Bundestagswahl

Briloner Roman-Herzog-Schüler machen bei Juniorwahl mit

Bei der Juniorwahl haben die Schüler der Oberstufe das Stimmrecht und erleben ihre erste Bundestagswahl.

Bei der Juniorwahl haben die Schüler der Oberstufe das Stimmrecht und erleben ihre erste Bundestagswahl.

Foto: Lennart Filthuth

Altenbüren  Es ist wie bei einer echten Wahl - mit Stimmzettel, Urne und Plakaten. Bei der Juniorwahl können Schüler eine Wahlteilnahme simulieren.

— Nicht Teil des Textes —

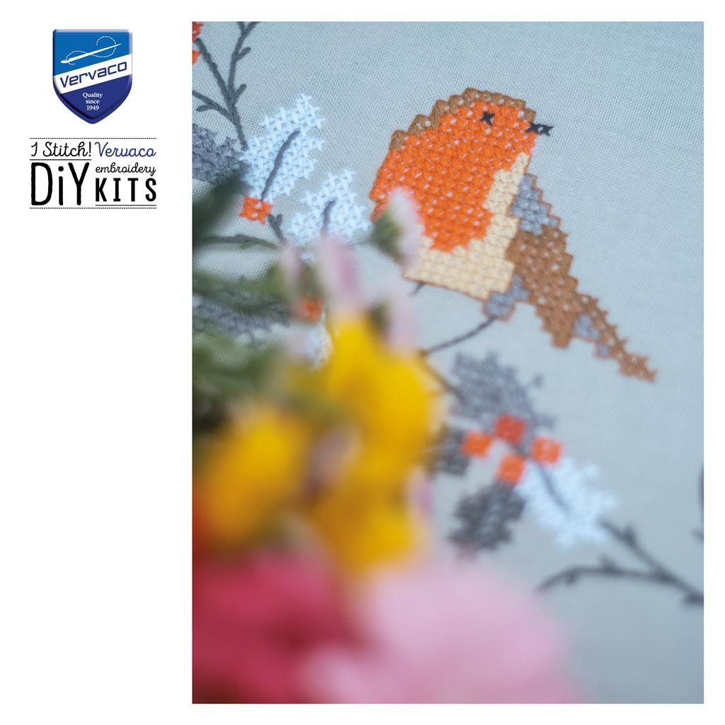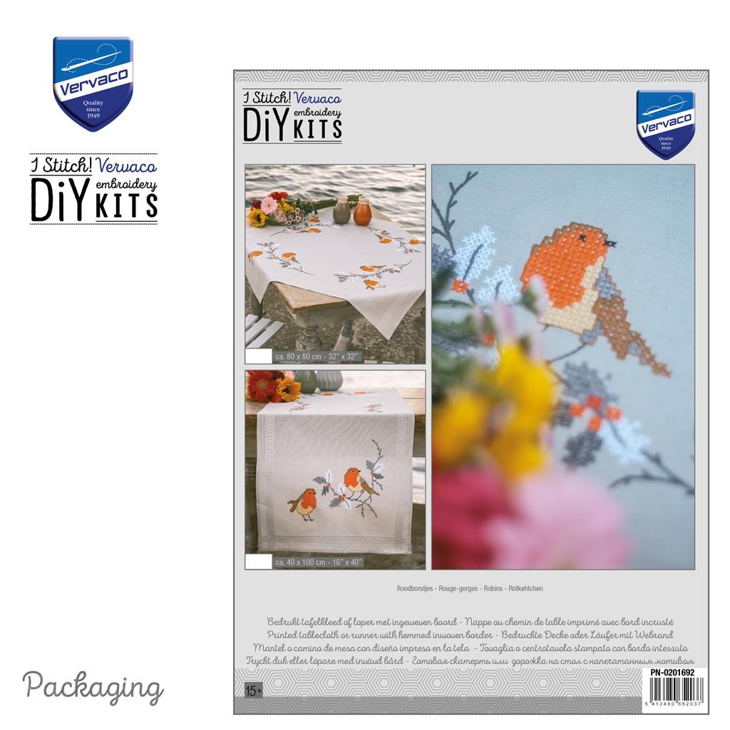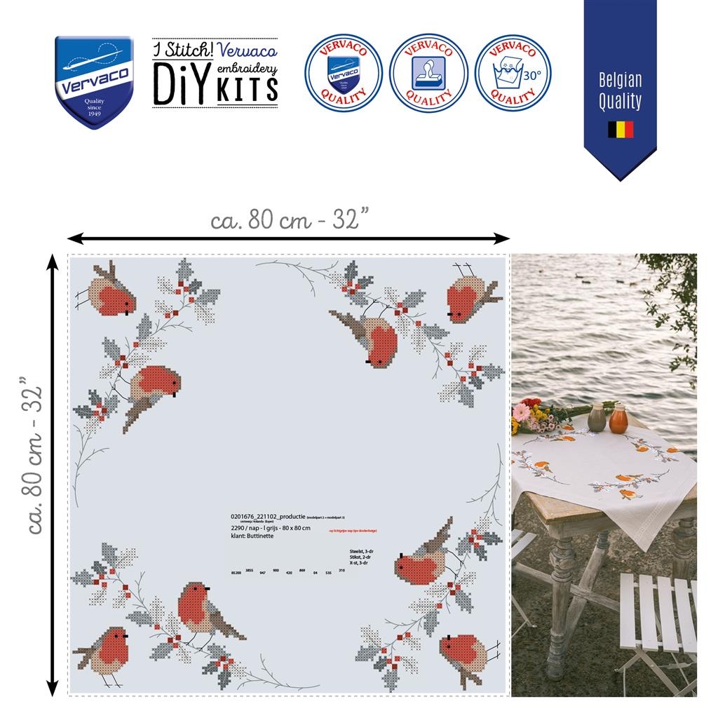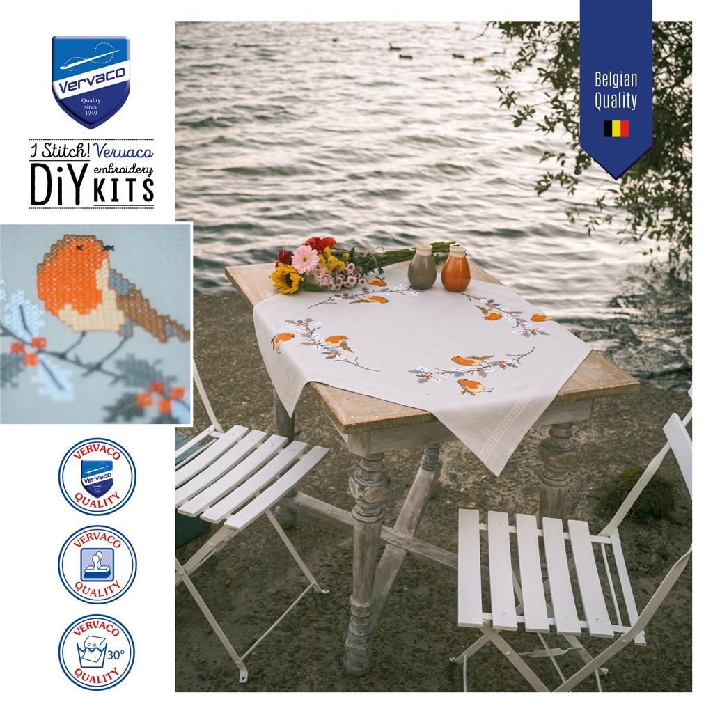 Vervaco Tafelkleed Roodborstjes 80 x 80 cm

„Zweimal so falten und warten, bis die Wahlkabine frei ist.“ Fabian ist Schüler der 9. Klasse an der Roman-Herzog-Schule in Altenbüren – und Wahlhelfer. Bei der Juniorwahl des Deutschen Bundestags ist er aktiv am Geschehen beteiligt und erklärt gemeinsam mit Adrian, ebenfalls Wahlhelfer, seinen Mitschülern das Verfahren. Die Juniorwahl ermöglicht es Jugendlichen an weiterführenden Schulen, eine Wahl zu simulieren. Der Teilstandort Altenbüren ist eine von 556 Schulen in NRW, die an der Initiative teilnimmt.

Intensive Vorbereitungen

„Seit Schulbeginn bereiten wir uns intensiv vor“, erzählt Lehrerin Heike Eckermann. Sie beaufsichtigt gemeinsam mit Kollegin Petra Gaida den schulinternen Wahlraum. Zum ersten Mal sei die Schule beim Projekt dabei. Beide sind begeistert: „Es ist wunderbar organisiert vom Deutschen Bundestag“, so Eckermann. Den teilnehmenden Schulen wird alles Nötige zur Verfügung gestellt: Wahlbenachrichtigung, Wahlurne und -kabine sowie Stimmzettel des entsprechenden Wahlkreises gehören zum Paket.

Heike Eckermann: „Uns ist wichtig, dass die Schüler den Ablauf einer Wahl kennenlernen und wir ihnen so Demokratie beibringen.“ Im Unterricht gestalteten die 14- bis 17-jährigen Schüler beispielsweise Plakate zu den einzelnen Parteien. „Wir haben uns gefragt: Was sagen die Parteien zum Beispiel zur Familienpolitik oder der Flüchtlingskrise“, erklärt sie. Dafür habe man mit den 48 Schülern fächerübergreifend in Gruppen gearbeitet. Im „Wahlflur“ hängen die Plakate und andere Arbeiten der Schüler an der Wand. Doch alle sind bereits entschlossen und schauen vor dem Kreuzchensetzen nicht noch einmal darauf.

Echte Wahlverhältnisse

Wie bei der offiziellen Wahl am Sonntag ist ein bestimmter Zeitraum ausgeschrieben. Ab 8.30 Uhr verschwindet ein Schüler nach dem anderen kurzzeitig in der Wahlkabine, um danach seinen Stimmzettel in die versiegelte Wahlurne zu werfen. Ein Schüler vergisst seine Wahlbenachrichtigung im Klassenraum und muss zurücklaufen, um sie zu holen. Schließlich achten die Wahlhelfer ganz genau darauf, dass alles korrekt abläuft. Erst dann setzt Adrian ein Häkchen hinten den Namen. Ein weiterer möchte die bedruckte Seite des Stimmzettels nach außen knicken. „Mach das lieber andersrum, sonst sieht man, wen du gewählt hast“, meint Fabian.

Spannender Ablauf

Heike Eckermann und Petra Gaida müssen kaum einschreiten, die Schüler haben alles im Griff. „Sie waren alle von Anfang an interessiert und sehr aufgeschlossen“, freut sich Gaida. „Es gab einige Diskussionen um die Parteien. Das war schon sehr spannend. Die Schüler haben sich kritisch damit auseinandergesetzt.“ Auch Sarah aus dem 10. Jahrgang hat Spaß am Projekt: „Es war spannend zu sehen, wie alles abläuft“, sagt sie.

Die Stimmzettel werten die beiden Kolleginnen nach der Wahl aus. „Online geben wir die Ergebnisse ein und am Sonntag wird um 18 Uhr alles bekanntgegeben“, so Heike Eckermann. Dann sehen die Schüler der Roman-Herzog-Schule, inwiefern ihre Resultate mit denen der Bundestagswahl übereinstimmen. „Im Unterricht arbeiten wir in der nächsten Woche alles auf“, so Eckermann. Egal, welche Parteien in der Juniorwahl vorne liegen – die praktische Erfahrung für die erste richtige Wahl ist den Jugendlichen sicher.